▸ **WHAT TO DO**
Take the line containing "Java's capabilities extend" and each line after it through the end of the data below, and return them exactly, minus any pictures.

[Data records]
-*-*-

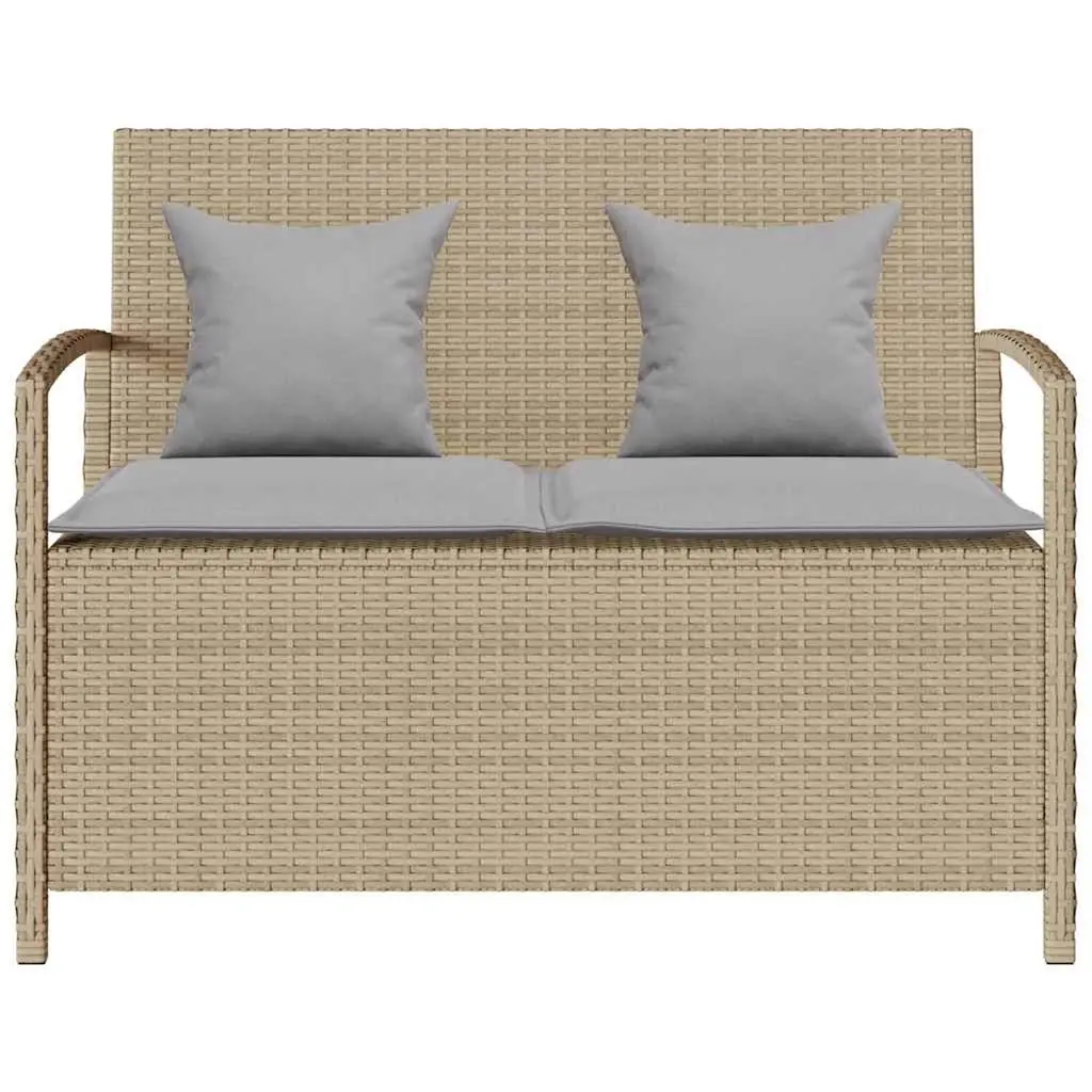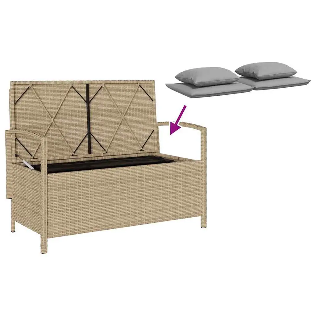 Vidaxl Patio Storage Bench With Cushion Beige Poly Rattan
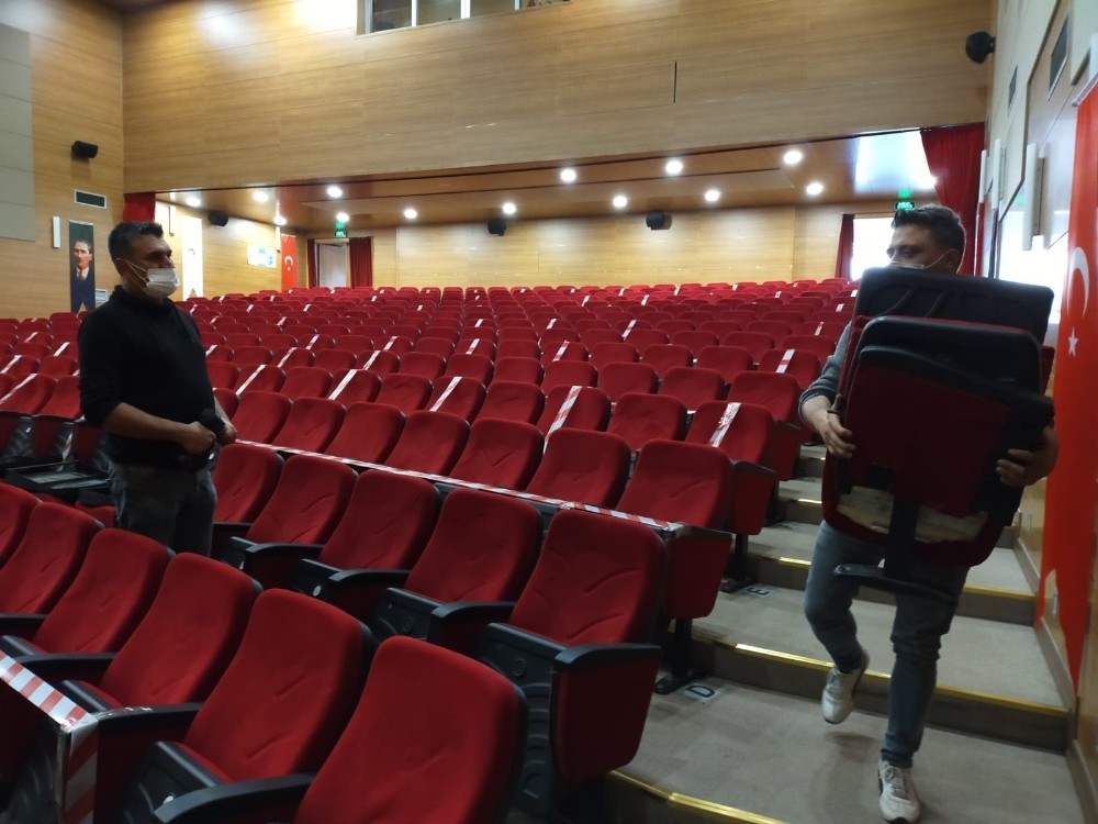 DÜZCE (İHA) – Düzce Belediyesi Kültür Merkezi Celil Yağız Sahnesi, korona virüs önlemleri kapsamında yenilendi. Salonun koltukları arasına koridor açılarak vatandaşlara kolaylık sağlandı. Düzce Belediyesi Kültür Merkezi’nin başta tiyatro olmak üzere panel toplantı ve konser gibi çeşitli kültür-sanat etkinliklerine ev sahipliği yapan Celil Yağız Sahnesi’nin koltuklarına yeni düzen getirildi. Pandemiden dolayı iptal olan salon etkinlikleri arasını fırsat bilen Düzce Belediyesi Kültür ve Sosyal İşler Müdürlüğü, meclis toplantılarının da yapıldığı salondaki koltuklar arasına yürüyüş koridoru açtı. Kültür ve Sosyal İşleri Müdürlüğü, salondaki yer ışık sistemi ve numaralandırmaları da yeniledi.
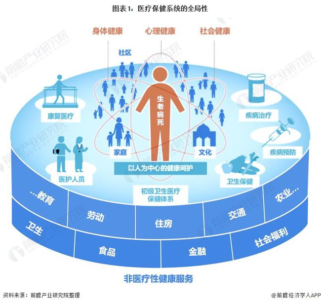 國外機構PHCPI組織對高質量初級醫療體系的全局性做了如下定義:全面性是指針對健康問題、不同年齡層和不同治療方式提供全面和適當的護理。綜合護理應涉及廣泛的預防、促進、慢性、行為和康復服務,并包括在初級保健級別評估患者的風險、需求和偏好。除了服務能力的擴展之外,綜合性還可以指在初級衛生保健中整合預防、治療和康復治療,以及治療“整個人”的方法,而不僅僅是特定的器官系統或疾病。2020年9月22日,習近平總書記主持召開教育文化衛生體育領域專家代表座談會時強調“要把人民健康放在優先發展戰略地位,努力全方位全周期保障人民健康,加快建立完善制度體系,保障公共衛生安全,加快形成有利于健康的生活方式、生產方式、經濟社會發展模式和治理模式,實現健康和經濟社會良性協調發展。”講話雖然未提到“大健康”,但是其核心要義和大健康的全局性和全周期性不謀而合。
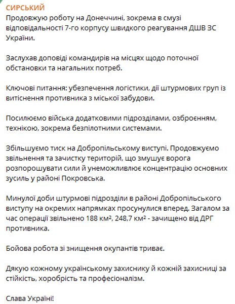 Головнокомандувач ЗСУ Олександр Сирський 3 листопада повідомив: "Посилюємо війська додатковими підрозділами, озброєнням, технікою, зокрема безпілотними системами. Продовжуємо звільнення та зачистку територій, що змушує ворога розпорошувати сили й унеможливлює концентрацію основних зусиль у районі Покровська".
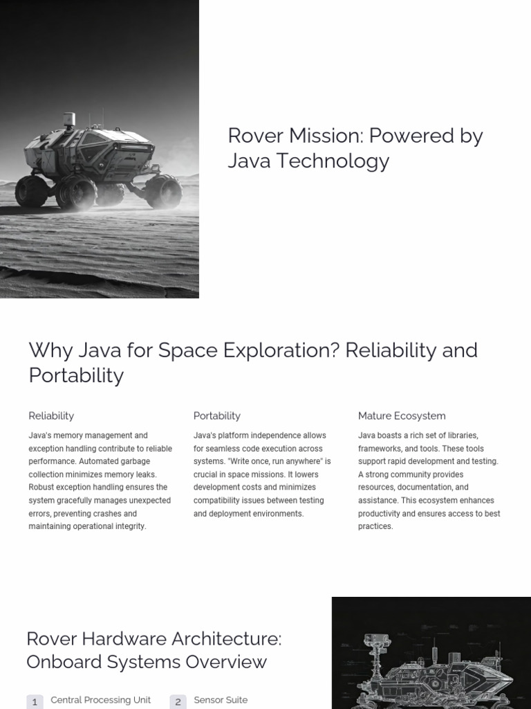 Java's capabilities extend beyond rover missions. Its reliability, portability, and mature ecosystem make it suitable for satellite
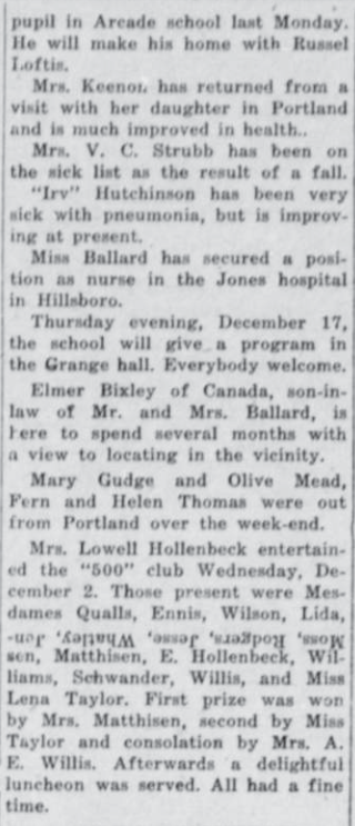 In this column, we take a look back one hundred years ago in Forest Grove, Banks, Gales Creek, and other rural communities in western Washington County. This week, the clips come from the Hillsboro Argus, published December 10, 1925. Tap on an image to bring it into focus.

-*-*-

▸ **EXPECTED OUTPUT**
 Java's capabilities extend beyond rover missions. Its reliability, portability, and mature ecosystem make it suitable for satellite
 In this column, we take a look back one hundred years ago in Forest Grove, Banks, Gales Creek, and other rural communities in western Washington County. This week, the clips come from the Hillsboro Argus, published December 10, 1925. Tap on an image to bring it into focus.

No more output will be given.